(Required action)
Retype the lines of the material below, exactly and only, from the one containing "شيش طاووق طري" through the last line, with pictures left out.

(Source material)

---------------

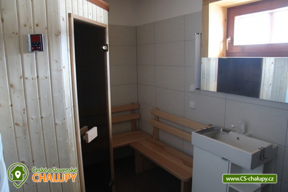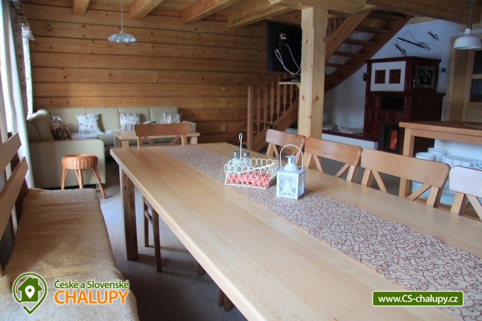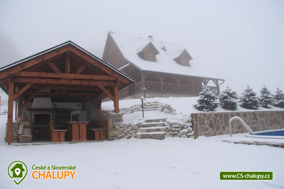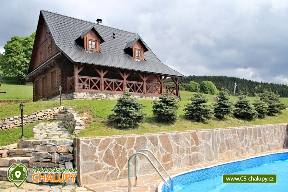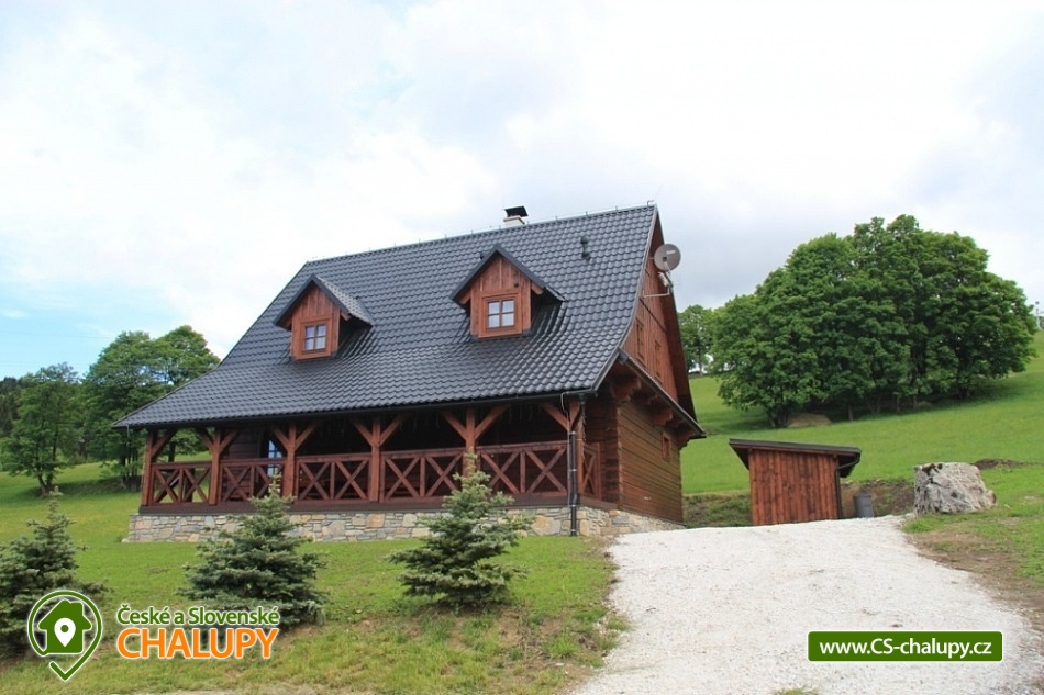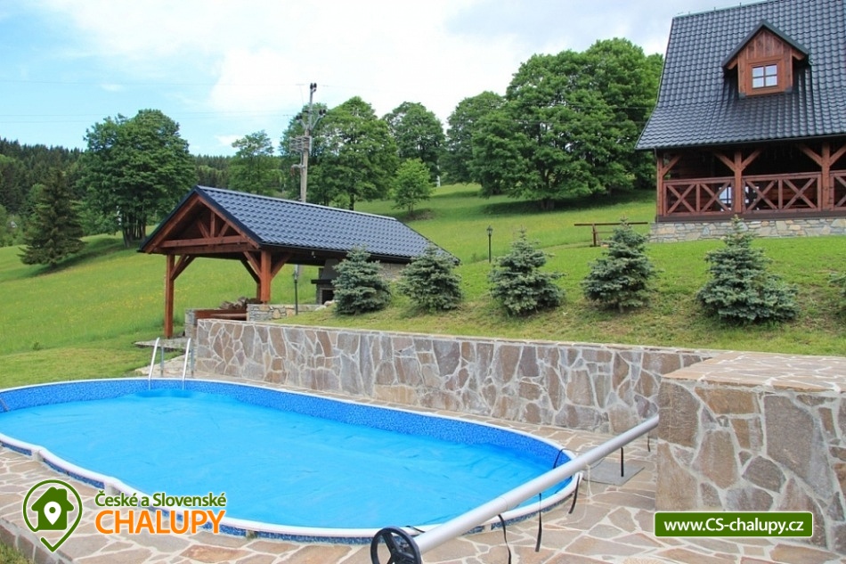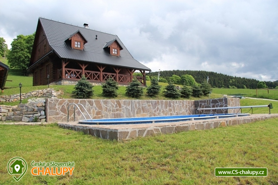 Roubenka Rozárka II - wellness with Finnish sauna and pool - Velké Vrbno. Cottage Rozárka II is located on the border of Hrubý Jeseník, Kralický Sněžník and Rychlebské mountains in the village of Velké Vrbno at an altitude of 820 m and is surrounded by beautiful nature with exceptionally clean mountain air. Inside the cottage can accommodate up to 15 people in five separate rooms on the first floor (2x4 and 1x3 beds) and attic (2x2 beds). On the ground floor there is a large living room with kitchen, a beautiful tiled stove with a bread oven and a seating area and a dining area. The kitchen is modernly equipped with an induction hob, dishwasher, microwave with grill, kettle and coffee maker with Dolce Gusto capsules. The living room has a comfortable corner sofa and a large TV with satellite reception. There is also a blue ray player for long winter evenings. The large bathroom has a Finnish sauna and a shower with a massage panel. The ski room has a wall-mounted radiator boot dryer and two stands for skis and snowboards. All rooms are equipped with TV and WiFi. For maximum comfort, there are three bathrooms. The building is heated by electric underfloor heating and tiled stove. The chalet has its own well. Water from a depth of 56m has the parameters of baby water. In summer, a 7 m long pool heated by a heat pump is available for both log cabins. In addition to the log cabin, there is also a covered seating area with a fireplace and a smokehouse and a children's playground. The outdoor covered seating area with a fireplace and smokehouse works great. In 1 to 2 hours, sausages and sausages are perfectly used. The smoking of partially pre-fried meats is done in 8 to 10 hours. The cottage is located between the slopes of the Paprsek-Olšanka Ski Resort. On the left side it is 80 m away from the two-seater cable car to Paprsek, on the right side there is a ski lift Olšanka 800 m long at a distance of 60 m. At the boarding station to the chair lift there is a large mountain hut Vindoška. Here it is possible to eat during the operation of the lift. Mountain cottage Paprsek at an altitude of 1022 m is open all year round. The area has four slopes with lengths of 800-1300 m and the largest SNOW PARK in the Czech Republic. There is a ski school and a school, as well as ski and snowboard rental. The area is groomed several times a week by over 70 km of cross-country ski trails, including ski trails in Poland. In summer, it is possible to use the many cycling routes in the area or enjoy the peace and quiet of this location and take trips to the near or distant surroundings.
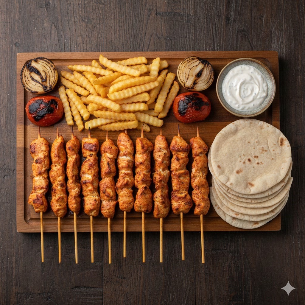 شيش طاووق طري ومشوي على الفحم يُقدّم مع صلصة الثوم وبطاطا مقلية وخضار مشوية و10 أرغفة خبز عربي. مثالي للمشاركة.
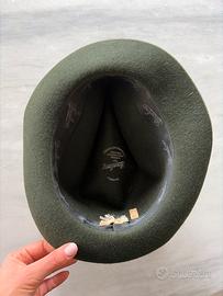 Cappello Borsalino Traveller da viaggio in feltro di lapin extra fine, 60 cm, sfoderato e con marocchino in tessuto. Arrotolabile e tascabile. Logo esterno con qualche usura 100% Feltro lapin extra fine Made in Italy by Borsalino
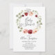 Our bohemian baby shower invitation features a watercolor floral wreath with burgundy and blush flowers with greenery.

---------------

(Result for this exercise)
 شيش طاووق طري ومشوي على الفحم يُقدّم مع صلصة الثوم وبطاطا مقلية وخضار مشوية و10 أرغفة خبز عربي. مثالي للمشاركة.
 Cappello Borsalino Traveller da viaggio in feltro di lapin extra fine, 60 cm, sfoderato e con marocchino in tessuto. Arrotolabile e tascabile. Logo esterno con qualche usura 100% Feltro lapin extra fine Made in Italy by Borsalino
 Our bohemian baby shower invitation features a watercolor floral wreath with burgundy and blush flowers with greenery.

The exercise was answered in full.